In several cases, the stories of American survivors of the North Vietnamese ambush of the second battalion of the Seventh Cavalry in Vietnam’s Ia Drang in 1965 seem too farfetched to be real. For example, Specialist Jack Smith was wounded and then played dead as the NVA advanced. A North Vietnamese machine gunner used what he thought was Smith’s dead body as a sandbag for cover. Smith was left with the unenvious choice of getting up and being shot by the NVA or staying still while his own comrades shot at the NVA soldier hiding behind him. Ultimately, the NVA soldier was killed but Smith survived.
Another American survivor, Sergeant James Mullartey, also played dead after being wounded. As the NVA walked the battlefield, executing American survivors, one of the Vietnamese stuck a pistol into Mullartey’s mouth and fired. The bullet exited Mullartey’s throat and knocked him unconscious but failed to kill him. When he awoke, he crawled through the jungle to American lines.
Another survivor, who was not identified in the book, had a similar story. This soldier was wounded in the legs and had been burned by napalm that was dropped on the NVA and Americans alike due to the lack of identifiable lines. The North Vietnamese intended to execute this soldier and fired a pistol point-blank into his eye. The bullet blinded him, but he survived to be evacuated.
You won’t find stories like these in war movies because no one would believe them. They really happened in November 1965, however.
Sadly, many other Americans were not so lucky. Many who initially survived the attack were executed by the NVA on the battlefield. Some American bodies were found with hands tied behind their backs and bullet wounds to the back of the head.
One of the other things that struck me was that at least two of the dead from the Ia Drang battle seem to have been recent immigrants. One of the new widows was a young, “very pregnant” Hispanic woman who was the wife of a trooper of the first battalion. The woman and her husband are not mentioned by name, but the implication is that they were recent immigrants because the soldier’s wife could not speak or read English.
Another immigrant who is mentioned by name is Sergeant Lloyd Joel Monsewicz, who brought his family to the US from France about five years before he shipped out to Vietnam. Monsewicz’s wife was still learning English when he died in Ia Drang.
Immigrant soldiers are a relatively unknown part of American history, but no small number of American soldiers who have fought and sometimes died for the United States were not Americans at all. For example, Revolutionary War heroes such as the Marquis de Lafayette and Baron von Steuben immigrated to aid the colonial army and Irish immigrants were commonly recruited into the Union army during the Civil War.
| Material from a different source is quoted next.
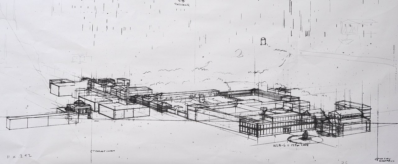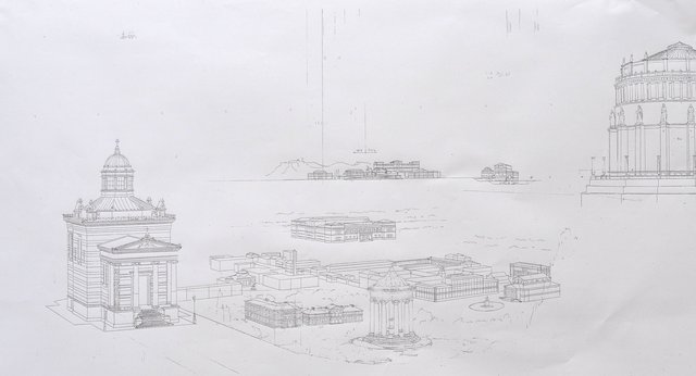 Roughly sketching out the idea, it seems to have a lot of potential; an overview of urban design and a closer inspection of the architecture.

Mexican immigrants were part of US military ranks in both WWII and the War on Terror. The AP reports that about 38,000 noncitizen soldiers were in the US military at the time of the US invasion of Iraq. One of these, Marine Lance Cpl. Jose Gutierrez, 22, was an illegal immigrant from Guatemala and one of the first to die in the Iraq War.
You don’t have to be a citizen to love America and to die fighting for the American dream. In my opinion, immigrants who serve honorably in the US military have earned citizenship. Those who die for America deserve to have citizenship extended posthumously, as it was to Lance Cpl. Gutierrez.